こちらも、これまで記載した内容との重複が多いですが、晴明が十二神を戻橋の下に隠していたのは、屋敷から近いからだろうと記し、また、洪水によって、戻橋の下の土の中から蓋をした櫃が露出したことがあって、皆恐れて埋めたことを記載しているのが興味深いです。また、恵心僧都源信の西方往生の得否、西山上人證空(証空)の母が少年時代の上人が出家すべきか戻橋で橋占を行ったというのも注目されます。



さらに、一条戻橋といえば、渡辺綱(わたなべのつな)の鬼退治の話が有名で、屋代本『平家物語』(剣巻)は、初めに鬼の正体を説明し、その後、渡辺綱と鬼との対決を描いています。

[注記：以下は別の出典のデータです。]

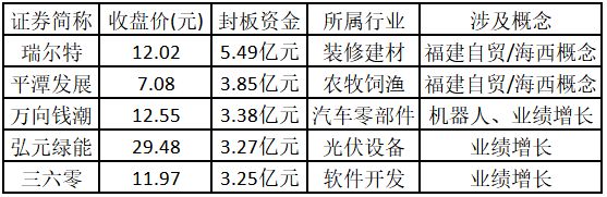 从封板资金来看,今日涨停板个股中,封板资金排名前5的个股包括瑞尔特、平潭发展、万向钱潮、弘元绿能、三六零。
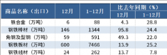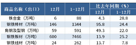 12月,中国出口钢铁棒材146万吨,同比增长95.8%;1-12月累计出口1344万吨,同比增长24.4%。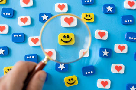 Digital adult chat communication interface, emoji, emotions, icons, internet, lifestyle, mobile, online, people, smartphone users. Social Media Web Viewer Technology.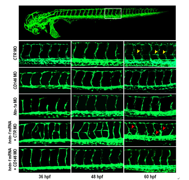 图示:在斑马鱼发育过程中,敲低netrin-1或CD146引起相似的血管发育缺陷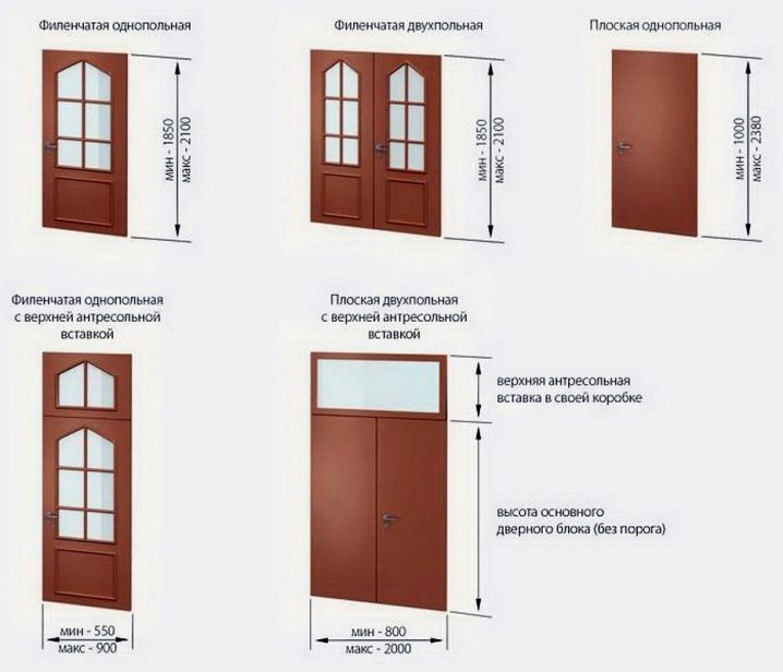 Независимо от вида на конструкцията, вратите имат стандартни размери, установени от ГОСТ: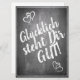 Kompliment Karte mit handschriftlichen Grüßen im Kreidetafelstil auf der Vorderseite der Karte. Restliche Flächen stehen zur freien Verfügung.
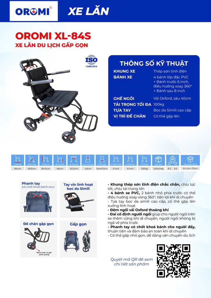 Xe lăn du lịch gấp gọn OROMI XL 84S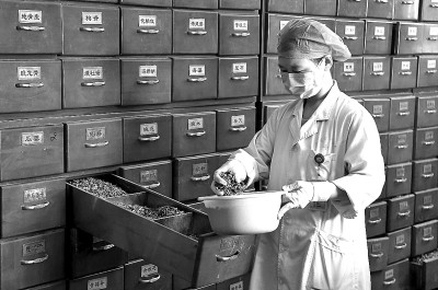 鄭州市中醫院的藥師在煎藥中心內配藥。新華社發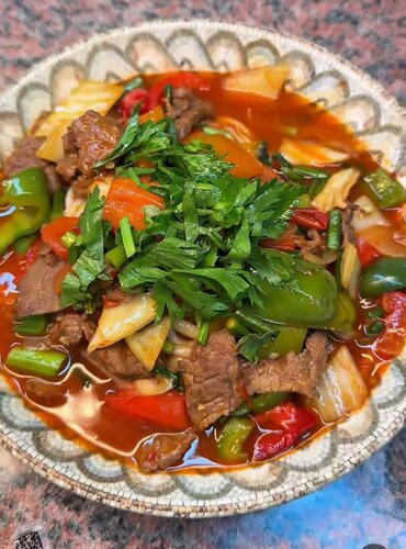 Основное направление кухни национальная, уйгурская и европейская. Выбор блюд и салатов большой. Просто вкусно и цены доступные. Парковка имеется.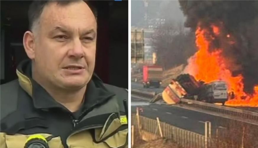 Na štajerski avtocesti pri Slovenski Bistrici se je danes zjutraj zgodila huda prometna nesreča, v kateri sta bila udeležena kombi in cisterna z gorivom. Nesreča se je zgodila okoli 8. ure, ko se je cisterna, ki je vozila v smeri proti Mariboru, po prvih informacijah prevrnila in zdrsnila na nasprotno smerno vozišče proti Ljubljani. Tam je trčila v kombi, v katerem sta bila voznik in sopotnik. Vozili sta ob trku zagoreli.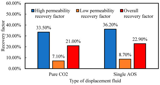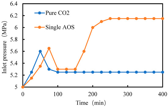 The comparative experiment between AOS+AEO foam flooding and pure CO2 flooding was conducted with the compound system at an AOS–AEO mass ratio of 2:1. The gas–liquid ratio of the system to CO2 was set at 2:1, the injection rate was 0.2 mL/min, and the permeability ratio between the high- and low-permeability cores was 5. The inlet pressure versus time curves are shown in Figure 17. It can be seen that foam flooding with the AOS+AEO system effectively blocks the high-permeability layer, achieving a blocking rate of 84.5% through calculation. This is superior to the 79.1% blocking rate of the single-system AOS. This indicates that the system significantly reduces CO2 channeling through high-permeability zones, allowing the displacing fluid to sweep a larger portion of the core and thereby providing the potential to further enhance oil recovery.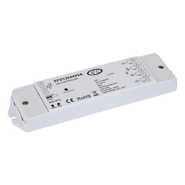 Der LED-Multicolor-Empfänger kann für Unicolor-, Tunable-White-, RGB-, und RGBW-Leuchten verwendet werden. Geeignet für Leuchten mit einer Betriebsspannung von 12, 24 und 36V/DC. Die tatsächlich zu verwendende Eingangsspannung ist abhängig von der benötigten Spannung der angeschlossenen Leuchten. 1x Eingang, so wie 1x Ausgang für 12-36V/DC und 4x Ausgang (RGBW). Die Schraubklemmen sind für Kabel von 0,5mm² - 1,5mm² geeignet. Technische Daten: ta: -20°C - 50°C, tc: 75°C, max. Ausgangsleistung je Kanal: 5A (60W bei 12V/DC, 120W bei 24V/DC und 180W bei 36V/DC). Die Ansteuerung erfolgt über Funk-Sender mit 868MHz. Um auch größere Anlagen problemlos umsetzen zu können, können mehrere Controller als Master-Slave-Anwendung synchron gesteuert werden.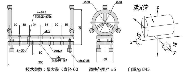 产品详情 LPMMA1激光管座 实验设备夹持 激光器 圆柱体等物品装卡 在线咨询 产品详情 ● 可将激光管旋转和俯仰调整 ● 前后两个固定三爪,固定牢固 ● 可夹持不同直径的激光管或圆柱体,且中心可调 ● 两个三爪相互距离可调,适应不同长短激光器 ● M6×0.25细牙螺杆驱动,碟形弹簧复位 激光管座主要用于光学器件的夹持,包括不同直径的激光管、圆柱体等多种需 要夹持的物品进行固定和装卡。配合光具座其他产品以满足实验用途的需要, 广泛应用于与光学相关的科研,教学,工业产品等光具类产品的夹持。
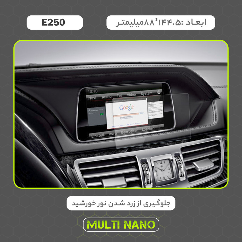 امروزه خودروها دارای دستگاه پخش هوشمند، با صفحه نمایش لمسی و ابعادی متنوع هستند و محافظت از این نوع مانیتور ها در برابر ضربات احتمالی و ایجاد خط و خش، یکی از مهمترین دغدغه های صاحبان خودرو به شمار می آید. شرکت مولتی نانو به صورت کاملا دقیق و با به روز ترین متد های اندازه گیری، محافظ هایی با ابعاد کاملا انحصاری برای نمایشگر های هوشمند خودروها طراحی ، تولید وعرضه کرده است. محافظ صفحه نمایش انعطاف پذیر نانو Multi Nano مناسب برای مانیتور خودرو (مرسدس بنز E250 2014) بوده و روی تمامی مانیتورهای این خودرو از جمله مانیتورهای رایان فن کاو اندیش، کروز و سیمیا الکترونیک قابل نصب است. محافظ نمایشگر مولتی نانو، نسل جدید محافظ های صفحه نمایش، با ساختاری شفاف که از تکنولوژی نانو در ساخت آن استفاده شده و از ضخامت 0.2 میلی متری برخوردار میباشد(شیشه ای نمی باشد) و باعث مقاومت بسیار بیشتر در برابر ضربه نسبت به گلس های معمولی شده است، همچنین کاملا نشکن است و در صورت برخورد ضربه نخواهد شکست، و به مرور زمان کدر نخواهد شد و لمس آن با توجه به ساختار تکنولوژی روغنی بسیار آسان و روان است. توجه داشته باشید که این محصول دارای برچسب اول (قبل از نصب) و برچسب دوم (بعد از نصب) می باشد و داخل بسته بندی محصول برای سهولت در نصب، لوازم کامل به همراه آموزش نصب نیز وجود دارد.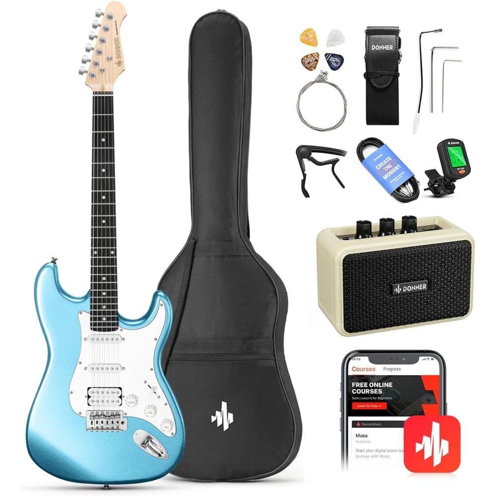 Donner DST-100B 39 Inch Electric Guitar Beginner Kit Solid Body Full Size Black HSS for Starter, with Amplifier, Bag, Digital Tuner, Capo, Strap, String,Cable, Picks(Lake Blue)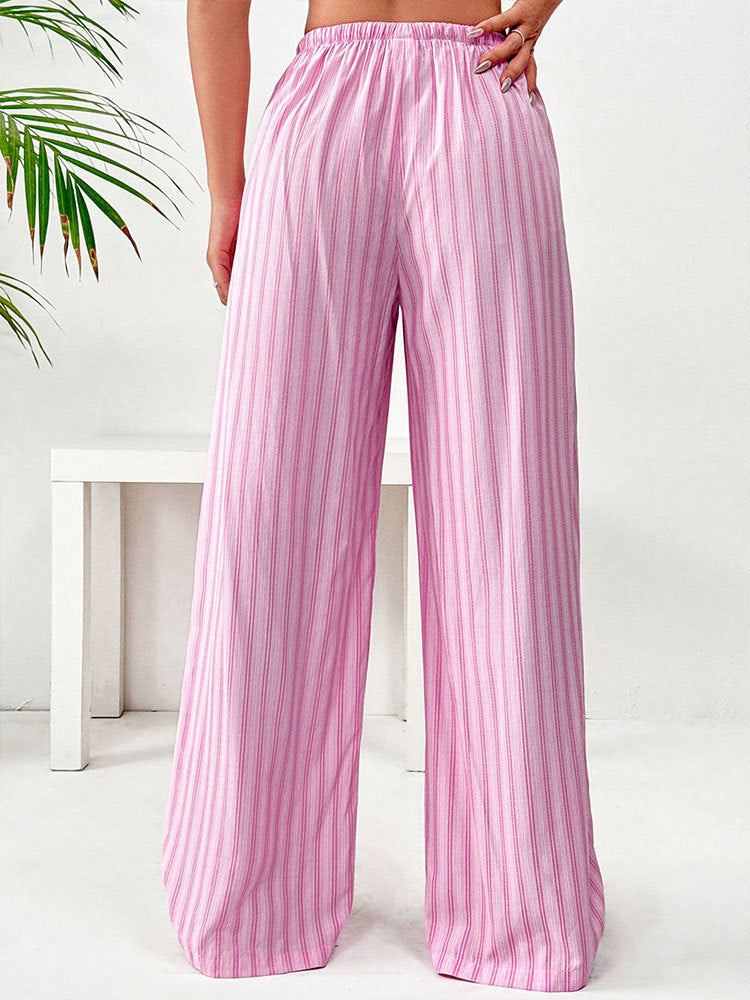 Pink Striped Wide Leg Drawstring Pant

尚、鬼の正体は、「丑の刻参り」の伝承例として知られ、謡曲「鉄輪」にも登場する「宇治の橋姫」で、他にも多くの伝説に登場する有名な鬼女です。原文も掲載しようとしたのですが、字数オーバーなので、「宇治の橋姫」の誕生シーンは訳のみとさせていただきます・・・


嵯峨天皇の時代に、ある公卿の娘がいました。非常に嫉妬深く、貴船神社に詣でて七日間籠って祈るには、「貴船大明神さま、七日間籠もったあかつきには、私を生きながら鬼神にしてください。妬ましい女を取り殺したいのです」と祈りました。貴船明神は哀れと思って、「そなたが言うことはまことに可哀想だ。本当に鬼になりたいのであれば、姿を変えて、宇治川に行って二十一日間漬るのだ。」とお告げがありました。

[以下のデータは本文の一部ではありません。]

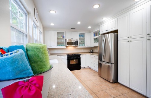 A full-sized, fully equipped kitchen opens directly onto the stunning pool deck—ideal for entertaining. A stackable washer and dryer are included for added convenience.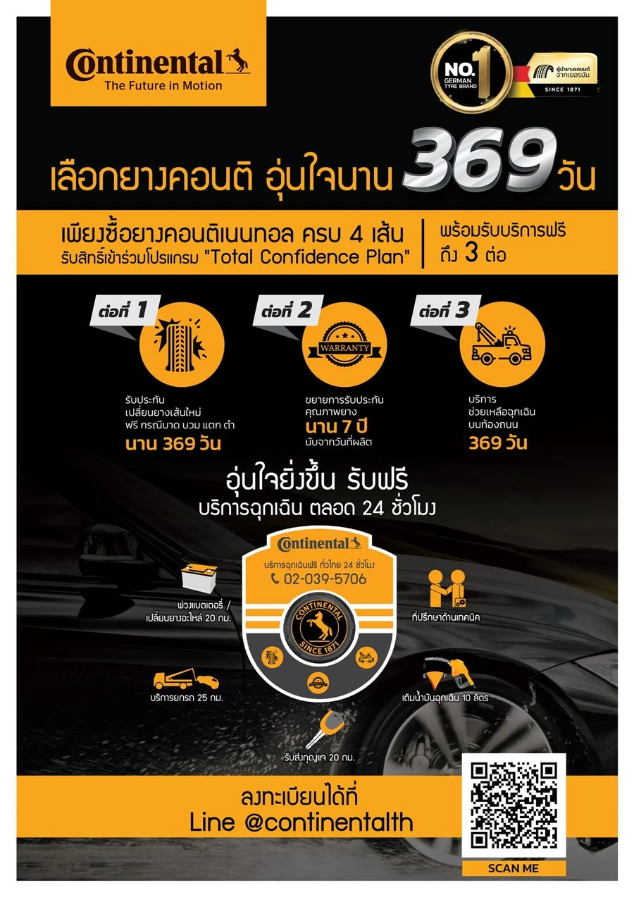 ยางคอนติเนนทอล มอบระยะเวลาประกันนาน 369 วัน พร้อมข้อเสนอพิเศษฟรี 3 ต่อ อุ่นใจ คลายกังวล ทุกเส้นทาง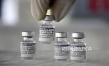 REPUBLIKA.CO.ID, BANDUNG -- Vaksinator mengambil botol kosong vaksin Covid-19 jenis Pfizer saat Gebyar Vaksinasi Covid-19 MUI dan Baznas di Masjid Pusdai, Kota Bandung, Jumat (29/10).

女房は喜んで都に帰り、人のいない場所に籠って、長い髪を五つに分けて五つの角にし、顔には朱を指し、身には丹を塗り、鉄輪を頭に戴せて三つの足には松の木を燃やし、松明を咥えて両端に火を付け、夜更けに人がいなくなった後、大和大路へ走り出で南へ向かいましたが、頭から五つの火が燃え上り、眉太く、歯を黒く染め、顔も体も赤く、まさに鬼の姿で、この姿を見た人は、皆衝撃を受けて倒れ死んでしまいました。このような姿で宇治川に行って二十一日漬ると、貴船神社の計らいで、生きながら鬼となりました。宇治の橋姫と言われるのはこの鬼のことです。
さて、妬しと思う女やその関係者、自分を嫌う男の親類等、さらに身分の上下をも問わず、男女に関係なく思うままに誰でも取り殺しました。男を取り殺すときは女に変身し、女を取り殺すときは男に変じて人を取るのでした。京の都中の身分の高い者から低い者まで、日没の午後四時頃以降は、人を家に入れず出る事も無く、門を閉じるようになりました。